There are two options for input. Input can be a file or Numpy vector (1d array) containing tab-delimited floating-point values on one line (input type of vector
). Alternatively, input may be a BedGraph-formatted (BED3+1) file or Numpy matrix (2d array), where the fourth column contains floats (bedgraph
).
Depending on the chosen input type (vector
or bedgraph
), by default, the output will be either a three- or four-column Pandas dataframe, respectively.
You can specify a ceiling on the number of elements reported via the max_elements
parameter. If the number of elements found is greater than this property, the highest-scoring max_elements
number of elements are reported. If there are fewer elements found, that smaller number is reported.
In the case of the vector
input type, the output will contain half-open start and end indices ([start, end)
) and the aggregated score over the half-open interval.
The difference of these indices will equal the window_bins
parameter (e.g., 125 in current usage cases).
Here are the column names for the output dataframe:
Start
Stop
Score
In the case of bedgraph
input, the output will contain three columns for the chromosome, and start and stop positions (also using BED-like, half-open indexing). The fourth column will contain the aggregated score over the interval.
The difference of the start and stop positions will equal the window_bins
parameter, times the size of an individual bin (in units of nt).
Here are the column names for the output dataframe:
Chromosome
Start
Stop
Score
Additional columns may be enabled via the preserve_cols
parameter. Please read below for more detail.
There are three filter methods available: pq
(priority-queue), wis
(weighted-interval scheduling), and maxmean
(max-mean sweep).
The max-mean sweep method (MM) is a modification of the priority-queue method, using both the maximum and mean scores over each window to prioritize window selection.
The primary difference between MM and PQ methods is that MM will use an aggregated score over the window to prioritize its selection, while PQ will only use the score at the centermost position within the window.
Once an interval has been selected to be filtered using whatever filter method, its assigned score value can be its original score — whatever the score is at the index in the vector, or bin in the bedgraph file — or an aggregated value that is calculated from applying a function on scores over the filtered window.

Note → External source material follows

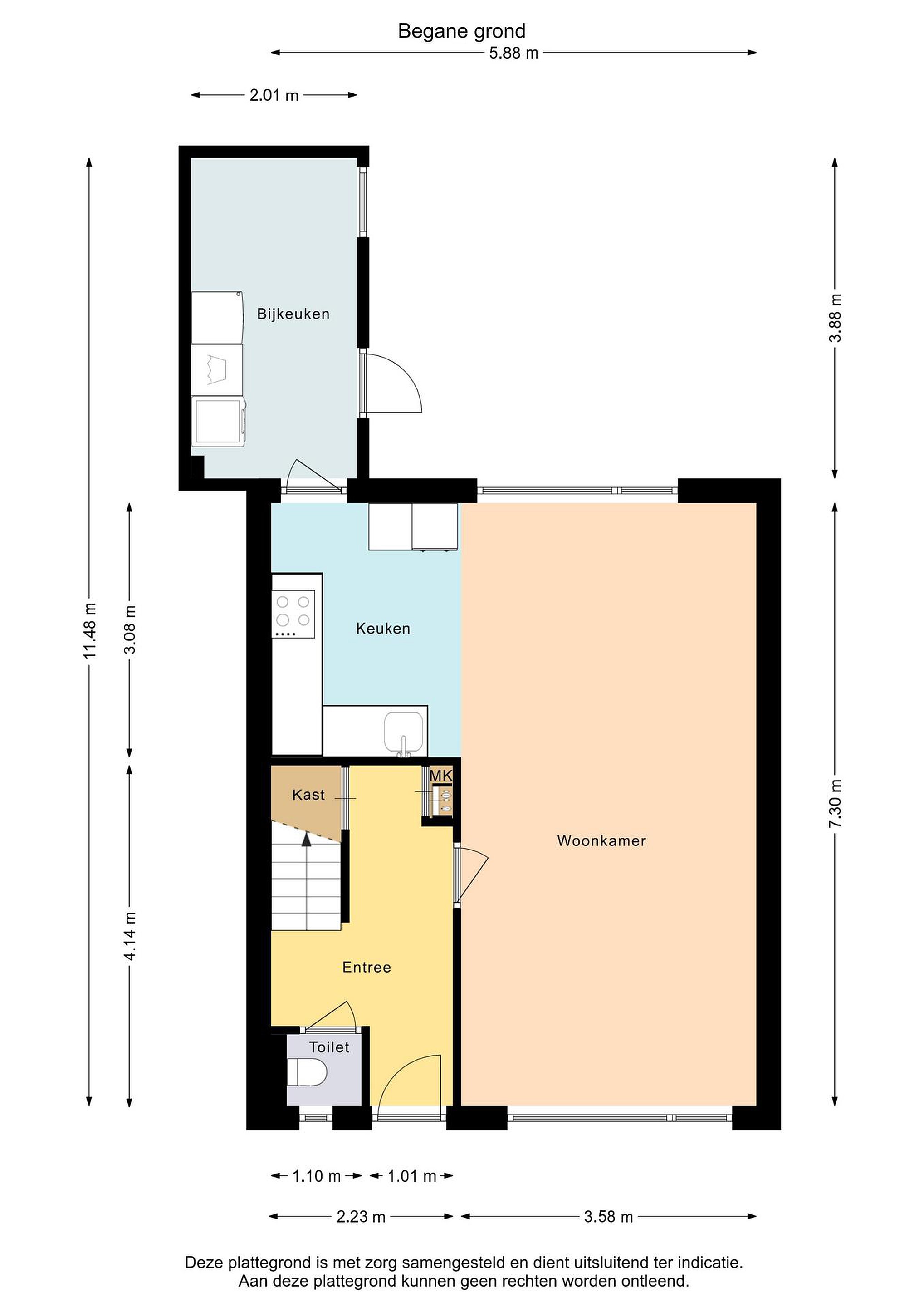 Begane grond Entree/hal, modern toilet, trapopgang, trapkast, meterkast, lichte doorzon woonkamer, moderne hoekkeuken met diverse inbouwapparatuur zoals: inductie kookplaat met afzuigkap, oven, vaatwasser en koelkast. Via de keuken kom je in de bijkeuken met deur naar de achtertuin.

The following functions are available via the aggregation_method
parameter:
min
max
mean
sum
median
variance
percentile
The default is max
, i.e., given a filtered window, the score returned is the maximum value of the window. The other functions work accordingly, per their name.
In the case of the percentile
aggregation method, the percentile
parameter may be specified as a value between 0 and 1. Its default is 0.95; however, another value may be specified. Using 0.5, for example, would be functionally equivalent to applying the median
function.
For either input type, if the preserve_cols
flag is set to True
, additional columns are reported in output:
OriginalIdx
RollingMin
RollingMax
RollingMean
RollingSum
RollingMedian
RollingVariance
RollingPercentile
MethodIdx
The Rolling*
statistics are the results of applying the aggregation function to signal within each window.
The OriginalIdx
and MethodIdx
values are indices indicating the starting bin index and the index used for window selection. This can be useful for evaluating which bin is used for selection.

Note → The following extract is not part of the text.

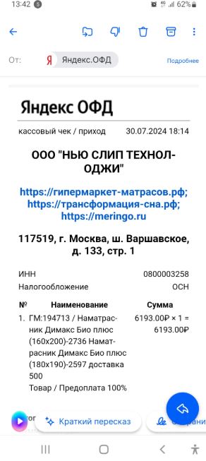 Походу магазин закрылся, что очень и очень жаль! Купила несколько матрасов, накидок защитных, качество отличного все товары до сих пор!!!( с 2020-2021года( матрас), 30.07.24(маирас и 2 накидки).

Here is a minimal example of how to use the installed package as a library in a standalone script, which reads in and filters a tab-delimited string of signal values from a regular file:
#!/usr/bin/env python
import filter_regions as fr
m = 'maxmean'
i = 'tests/test_example/scores.txt'
t = 'vector'
w = 125
f = fr.Filter(method=m,
input=i,
input_type=t,
window_bins=w)
f.read()
f.filter()
o = f.output_df
print(o.head())
The Filter
class property output_df
specifies a Pandas dataframe on which all the usual methods may be called (e.g., head()

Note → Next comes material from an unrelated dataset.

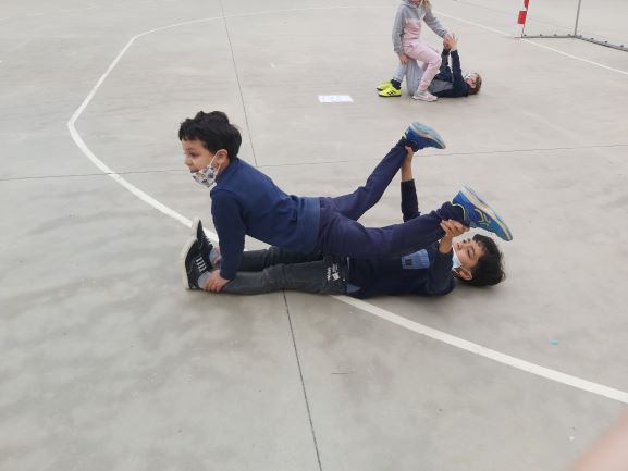 Els grups de 1r, a la classe d’educació física, treballem diferents activitats i jocs al llarg del trimestre, i ens encanta baixar a la pista a fer aquestes sessions. El dia d’avui hem estat treballant l’equilibri i hem jugat a ser equilibristes fent unes figures en parelles que ens han proposat les mestres. Amb aquesta activitat pretenem desenvolupar l’equilibri corporal millorant la coordinació d’accions i moviments alhora que mantenim posicions determinades en situacions estàtiques. D’aquesta manera anem adquirint confiança en postures d’equilibri i assimilem el concepte d’equilibri. Us deixem unes imatges per tal que veieu quines figures tan boniques hem fet. Fins aviat!

etc.). One can instead use the write()
class method to send results to standard output or to a standard file, for example:
f.write() # send columns to standard output stream
Or:
f.write(output='/path/to/output') # write columns to a tab-delimited file
Other options may be used, e.g., to pass in a BedGraph file, use the mean
aggregation function, and report all window statistics:
#!/usr/bin/env python
import filter_regions as fr
m = 'maxmean'
i = 'tests/test_example/scores.bed'
t = 'bedgraph'
w = 125
a = 'mean'
p = True
f = fr.Filter(method=m,
input=i,
input_type=t,
window_bins=w,
aggregation_method=a,
preserve_cols=p)
f.read()
f.filter()
o = f.output_df
# ...
Here is an example where a 1d array or vector of floats may be passed in:
#!/usr/bin/env python
import sys
import numpy as np
import filter_regions as fr
m = 'maxmean'
i = np.array([1.0, 2.0, 5.0, 10.0, 5.0, 5.0, 4.0, 8.0, 2.0, 1.0, 10.0, 1.0, 1.0, 1.0, 5.0])
t = 'vector'
w = 3
a = 'max'
p = True
q = False
f = fr.Filter(method=m,
input=i,
input_type=t,
aggregation_method=a,
window_bins=w,
preserve_cols=p,
quiet=q)
f.read()
f.filter()
f.write(output=None)
Finally, here is an example of passing in a BedGraph-like 2d array or matrix:
#!/usr/bin/env python
import sys
import numpy as np
import filter_regions as fr
m = 'maxmean'
i = np.array([
['chr1', 0, 100, 1.0],
['chr1', 100, 200, 2.0],
['chr1', 200, 300, 5.0],
['chr1', 300, 400, 10.0],
['chr1', 400, 500, 5.0],
['chr1', 500, 600, 5.0],
['chr1', 600, 700, 4.0],
['chr1', 700, 800, 8.0],
['chr1', 800, 900, 2.0],
['chr1', 900, 1000, 1.0],
['chr1', 1000, 1100, 10.0],
['chr1', 1100, 1200, 1.0],
['chr1', 1200, 1300, 1.0],
['chr1', 1300, 1400, 1.0],
['chr1', 1400, 1500, 5.0]
])
t = 'bedgraph'
w = 3
a = 'max'
p = True
q = False
f = fr.Filter(method=m,
input=i,
input_type=t,
aggregation_method=a,
window_bins=w,
preserve_cols=p,
quiet=q)
f.read()
f.filter()
f.write(output=None)